* [YOUR OBJECTIVE] No pictures, please: print exactly the lines from the one that contains "Σχόλιο εβδομάδας: Η" through the last line of the listing.

* [INPUT DATA]
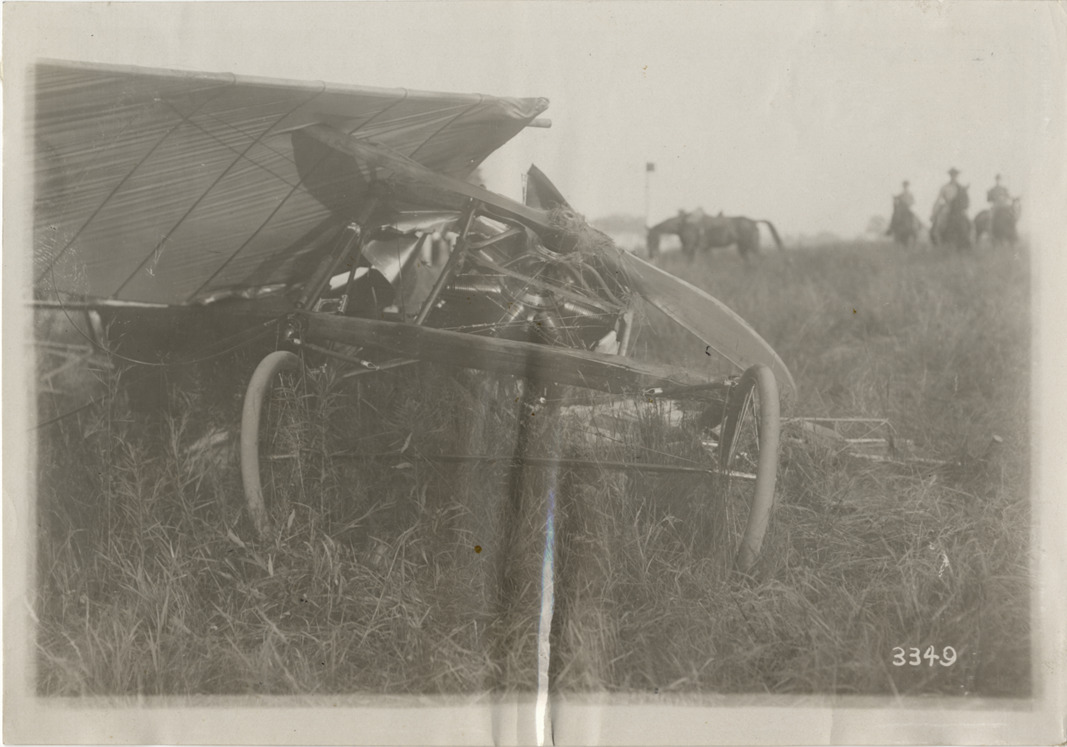 View of damaged airplane at Detroit aviation meet; onlookers stand around wreckage. Stamped on back: "Spooner & Wells, Inc., photographers, 1231 Woodward Ave., Detroit, Mich., telephone North 1745." Handwritten on back: "Aircraft competitions--Detroit aviation meet, 1911." Label on file: "This event took place between June 29 and July 4, 1911. The competition was populated by the Moisant Aviators, a traveling aviation show, with prizes reported to be in the area of $25,000. Photos indicate that only two airplanes were in action, a Curtis and a Bleriot. The Bleriot crashed."
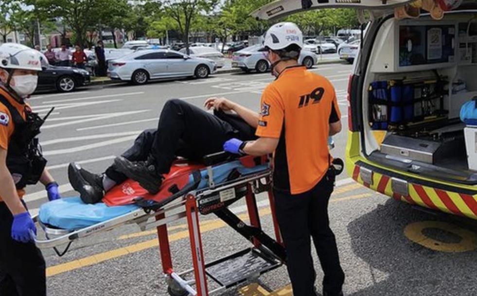 Nhân viên cứu hộ chuyển một hành khách trên cáng lên xe cấp cứu trong vụ mở cửa thoát hiểm máy bay ở Daegu. Ảnh: AP
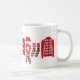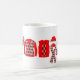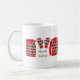 Des Voeux Chaleureux. Une tasse conçue avec des vêtements motifs Jacquards aux couleurs rouge, noir et gris. Customisez-le avec votre propre texte parmi d'autres options.
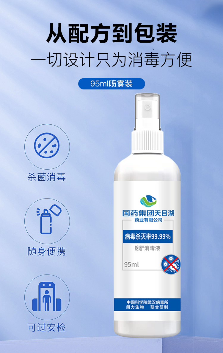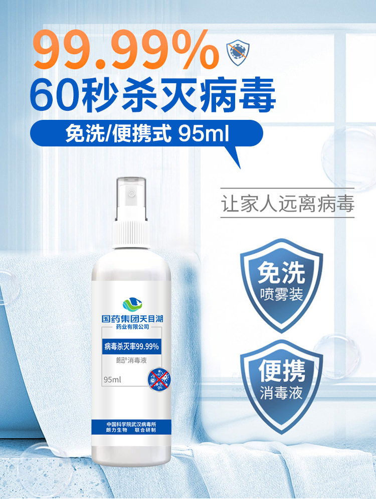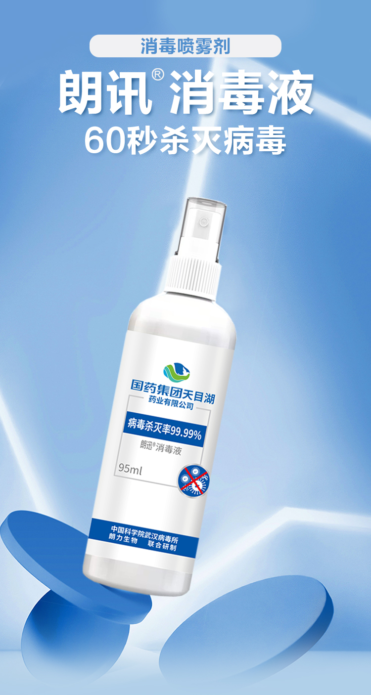 超值3瓶装「防疫消毒常备」国药集团朗迅物表消毒液/消毒喷雾95ml/瓶防疫常备无酒精轻松消毒守护全家健康
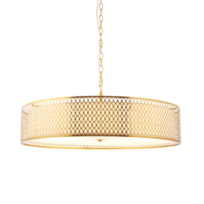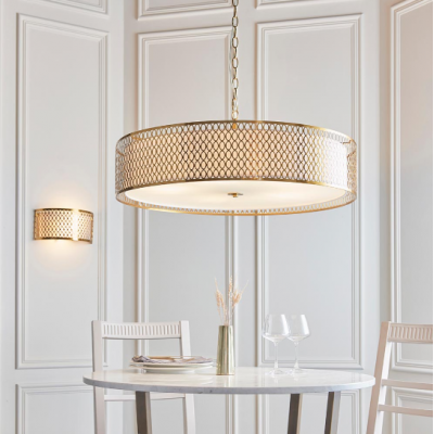 An impressive classic circular pendant with an elegant geometric metal fretwork outer, finished in plated gold effect with an inner fabric shade for lovely light diffusion, complete with a frosted glass diffuser to complete the look. Matching items available. Gold plated effect geometric fretwork White fabric inner shade Frosted glass diffuser Height adjustable chain with 1.5 metre clear flex Dimmable Perfect for use with E27 LED lamps
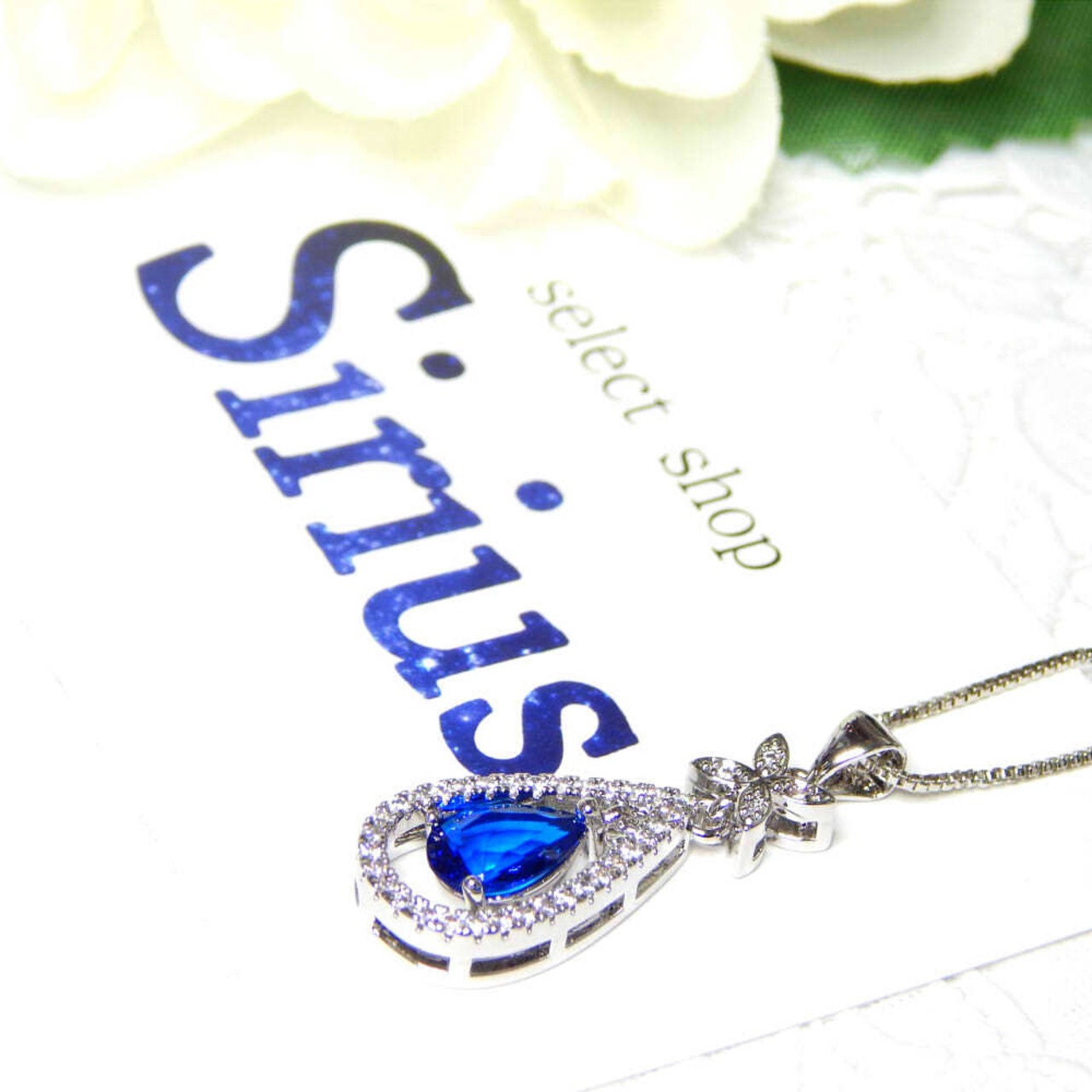 【NC-SA2】 ❀ティアドロップCZサファイアブルーネックレス❀
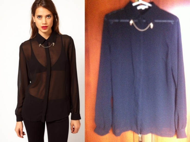 Krásná černá, elegantní, průhledná košile se zlatým detailem v podobě řetízku a dvou lebek. Velikost 36, úplně nová. Nevyměňuji! Původní cena 1500 kč
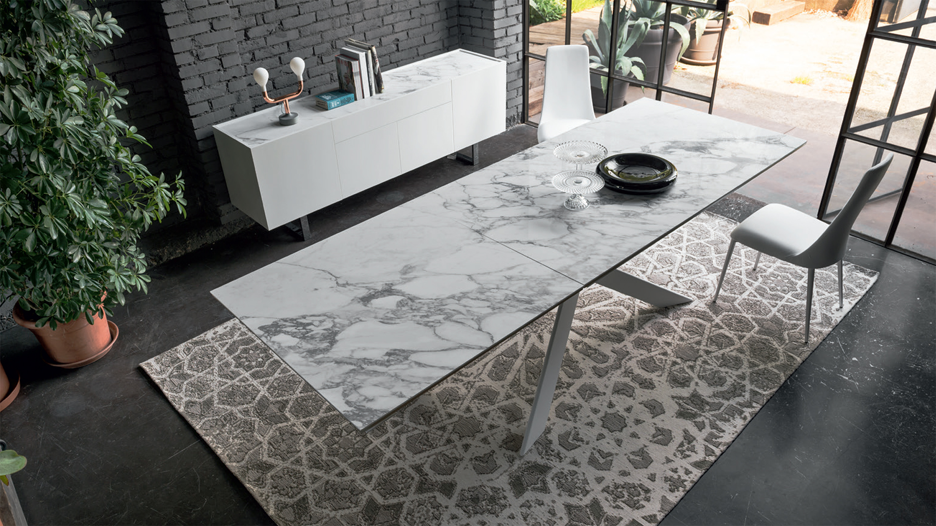 Eclisse is an extending table with an original metal base consisting of 4 interlocking V-shaped elements, reminiscent of the game Shanghai.
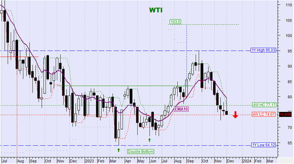 Σχόλιο εβδομάδας: Η τιμή του πετρελαίου συνέχισε με μία ακόμη καθοδική εβδομάδα και πέτυχε νέο χαμηλό κλείσιμο 4 εβδομάδων. Η τάση παραμένει καθοδική.
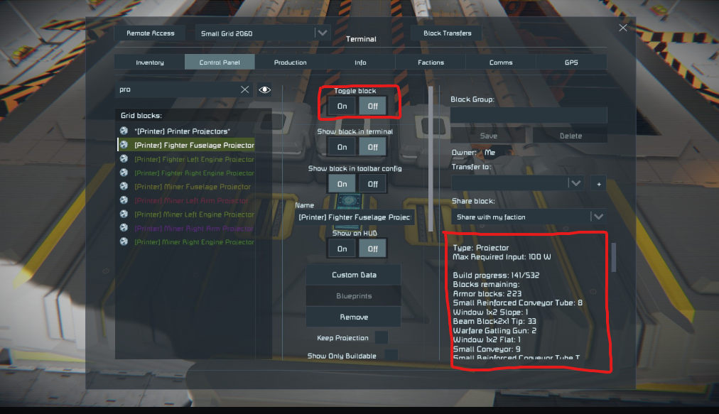Hi there! I'm attempting to create a ship factory in creative, however I've run into a snag where I have projectors that turn off and on when specific buttons are pressed. Example, if I want to print a fighter, I press one button and the fighter projector turns on, but a miner projector turns off. If I want to build a miner, I push the miner button, the miner projector turns on and the fighter projector turns off.

* [TASK SOLUTION]
 Σχόλιο εβδομάδας: Η τιμή του πετρελαίου συνέχισε με μία ακόμη καθοδική εβδομάδα και πέτυχε νέο χαμηλό κλείσιμο 4 εβδομάδων. Η τάση παραμένει καθοδική.
Hi there! I'm attempting to create a ship factory in creative, however I've run into a snag where I have projectors that turn off and on when specific buttons are pressed. Example, if I want to print a fighter, I press one button and the fighter projector turns on, but a miner projector turns off. If I want to build a miner, I push the miner button, the miner projector turns on and the fighter projector turns off.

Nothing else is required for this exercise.